Parylene is considered by many to be the ultimate conformal coating for the protection of devices,
components and surfaces in the electronics, instrumentation, aerospace, medical and engineering industries.
- Parylene is unique in being created directly on the surface at room temperature.
- There is no liquid phase involved. Coatings are truly conformal, of uniform controllable thickness,
and are completely pinhole-free at thicknesses greater than 0.5μ.
- The coating completely penetrates spaces as narrow 0.01mm.
- No initiators or catalysts are involved in the polymerisation so the coating is very pure
and free from trace ionic impurities.
- Room temperature formation means the coatings are effectively stress-free.
- Any substrate that is vacuum-stable can be coated and the coating adheres strongly to all materials,
even stainless steel, provided the appropriate adhesion-promotion techniques are used.
- Parylenes are chemically and biologically inert and stable and make excellent barrier materials.
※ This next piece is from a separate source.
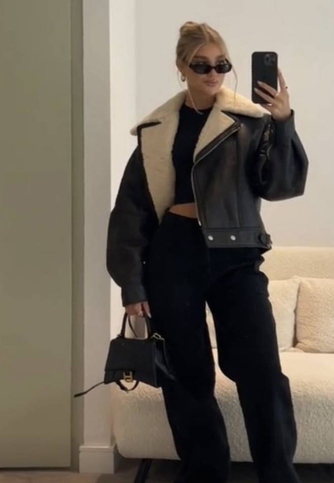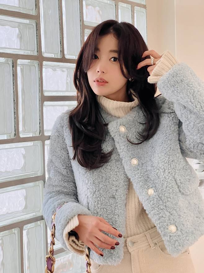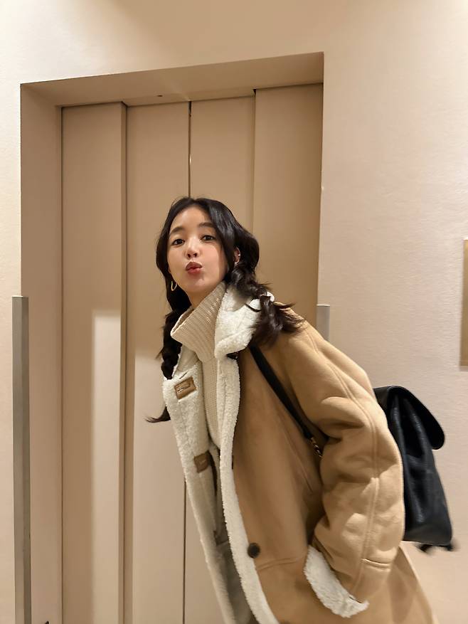 이렇게 숏한 길이감의 무스탕은 귀여운 느낌을 주어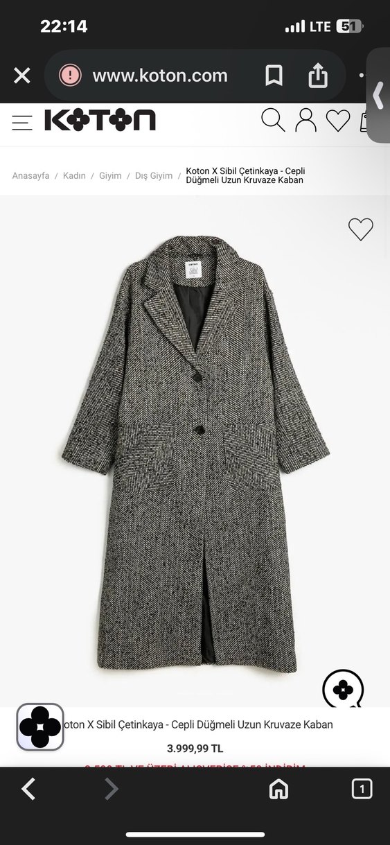Koton uzun kruvaze kaban, düğmeli ve cepli tasarıma sahiptir. Hiçbir yırtığı söküğü lekesi yoktur. Kolay kombinlenir, İyi durumdadır. Çok fazla kabanım montum olduğu için satıyorum.

- Parylenes are almost completely unaffected by solvents, have low bulk permeability and are hydrophobic.
Coatings easily pass a 100hr salt-spray test.
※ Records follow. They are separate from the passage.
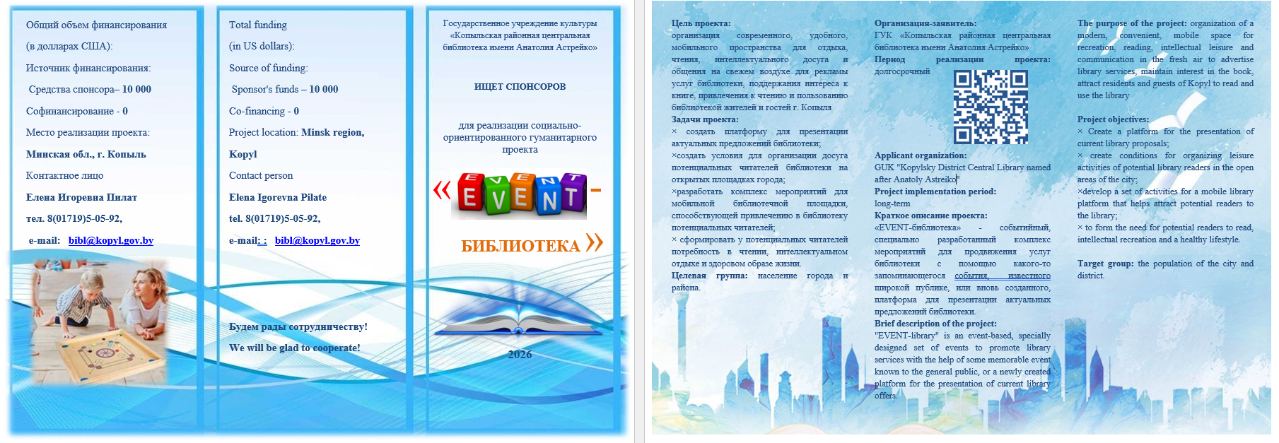 Государственное учреждение культуры «Копыльская районная центральная библиотека имени Анатолия Астрейко» ищет спонсоров для реализации социально-ориентированного гуманитарного проекта «EVENT-библиотека»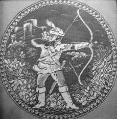 The film lacks any genuine English scenery, being mostly filmed in the back-blocks of Burbank Studios and the 2200 acre Bidwell Park, Chico, California, 100 miles north of Sacramento and 475 miles N.W. of Los Angeles. Here large oaks and sycamore trees grow in an otherwise dry environment, amply assisted for the film, with suitable rock and tree stumps imported for the effect. Foregrounds were real whilst backdrops, such as castles, were matte painted on glass. Olivia de Havilland played Marian. This folk name is not mentioned in the early English ballads at all, nor does the balladic Robyn have any romantic involvement, these are later pieces cobbled onto the oral histories, plays and ballads beginning in the1600's and reaching their zenith in printed form during the 1800's. One interesting item in the film is the fact that Olivia de Havilland's horse later became Roy Roger's 'Trigger'.1 The 'splitting of the arrow' too was shown incorrectly. It is correctly called the 'splitting of the wand' whereby the wand is stuck vertically into the ground. Trying to spilt an arrow 'end on' is nigh impossible as was demonstrated in a popular television programme, Mythbusters, yet even they were trying to recreate the filmic version of the event. In the 1938 film a mechanical device was used to aid in this visual effect. In my informed opinion the Hollywood film industry, primarily a machine for producing passive entertainment, has added to the storm of misinformation regarding the origins of the inspirational character, and this continues in the more recent spate of films. The English need to seriously retake control of this runaway locomotive.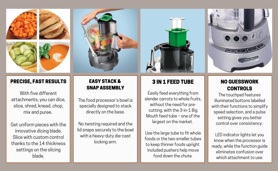Bring commercial quality performance to your kitchen countertop with the Hamilton Beach Professional 14 Cup Dicing Food Processor. Designed for the accomplished home cook, this food processor includes everything you need to quickly dice, slice, shred, knead, chop, mix and puree.

- Parylenes have excellent electrical properties: low dielectric constant and loss with good high-frequency properties;
good dielectric strength; and high bulk and surface resistivities.
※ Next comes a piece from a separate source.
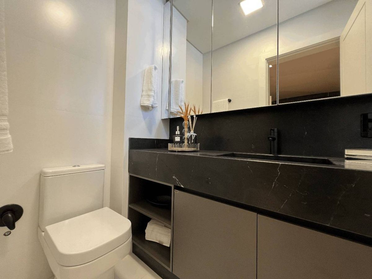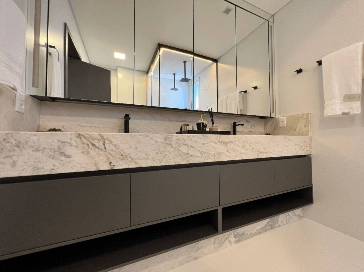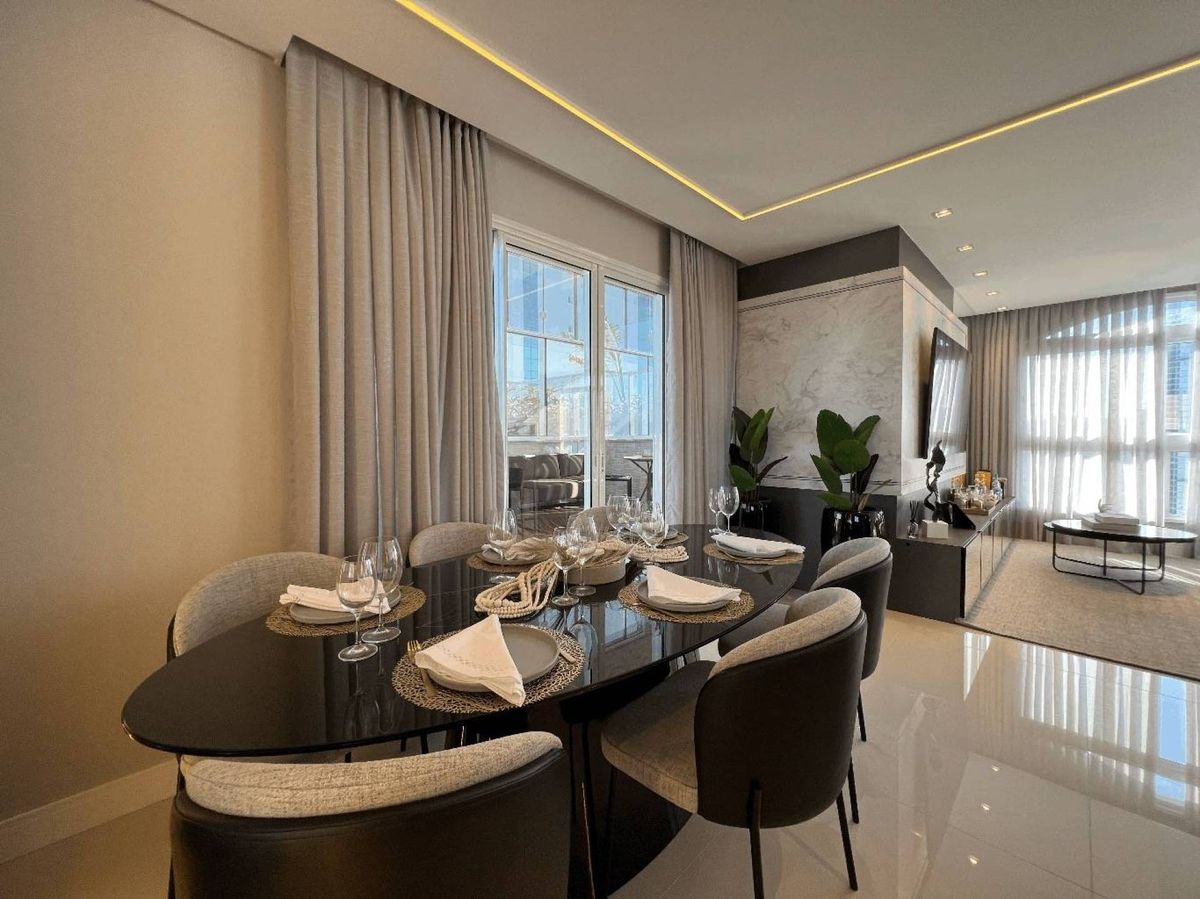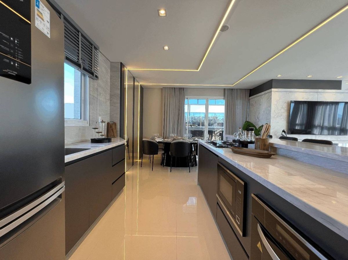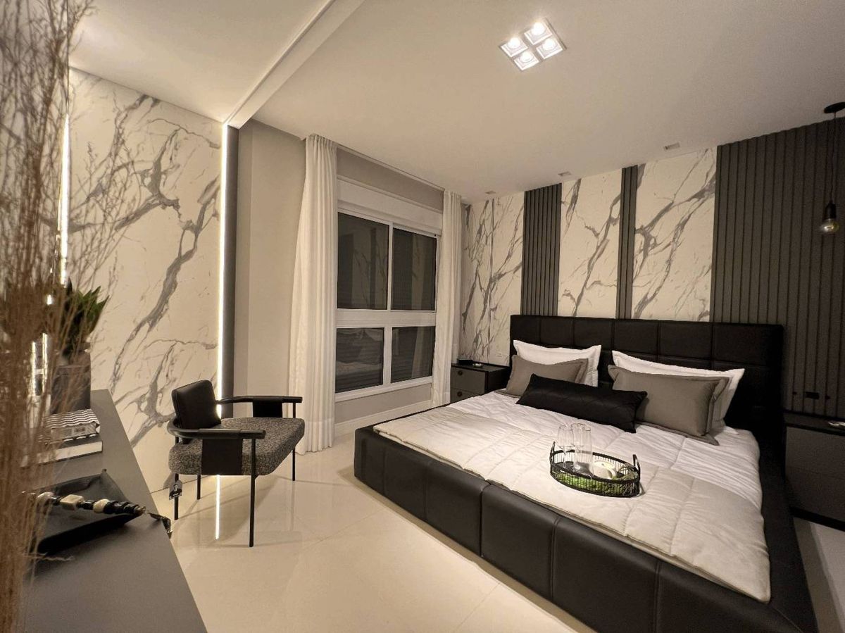 O empreendimento possui 38 pavimentos, Hall social de entrada com pé-direito duplo finamente decorado, 02 apartamentos por andar, 08 salas comerciais, Ampla área de lazer com mais de 1.700m2, 03 elevadores (02 sociais e 01 de serviço), área de lazer completa, possuindo Piscina com raia semi-olímpica de 25m, Espelho d?água, Espaço gourmet com chopeira, Quiosque com churrasqueira a carvão, Salão de festas, Outdoor grill com forno de pizza e charbroiler, Espaço teen com jogos eletrônicos, Academia, Jogos e bar, Kids room, Playground, Quadra de futebol society, Áreas comuns equipadas e decoradas, Cabeamento de antena local de TV instalada nos apartamentos e áreas comuns, Entrada exclusiva para serviço de banhistas com lava-pés, Garagens com revestimento em porcelanato antiderrapante, Gás natural canalizado - SC gás, Sistema de monitoramento por câmeras, Guarita climatizada totalmente equipada com porteiro 24horas, Acesso por biometria e senha nas áreas comuns, Wi-Fi em todas as áreas comuns e de lazer, Bicicletário equipado para guarda e manutenção de bicicletas.

- Parylenes have good thermal endurance: Parylene C performs in air without significant loss of physical properties
for 10 years at 80°C and in the absence of oxygen to temperatures in excess of 200°C.
- Parylenes are transparent and can be used to coat optical elements.
- Coatings perform well as dry lubricants: static and dynamic friction coefficients are equal
and comparable to fluoropolymers with the advantage that they also have good wear and abrasion resistance.
- FDA approval of parylene-coated devices is well-documented. The coatings comply with USP Class VI Plastics
requirements and are MIL-I-46058C / IPC-cc-830B listed (as class XY).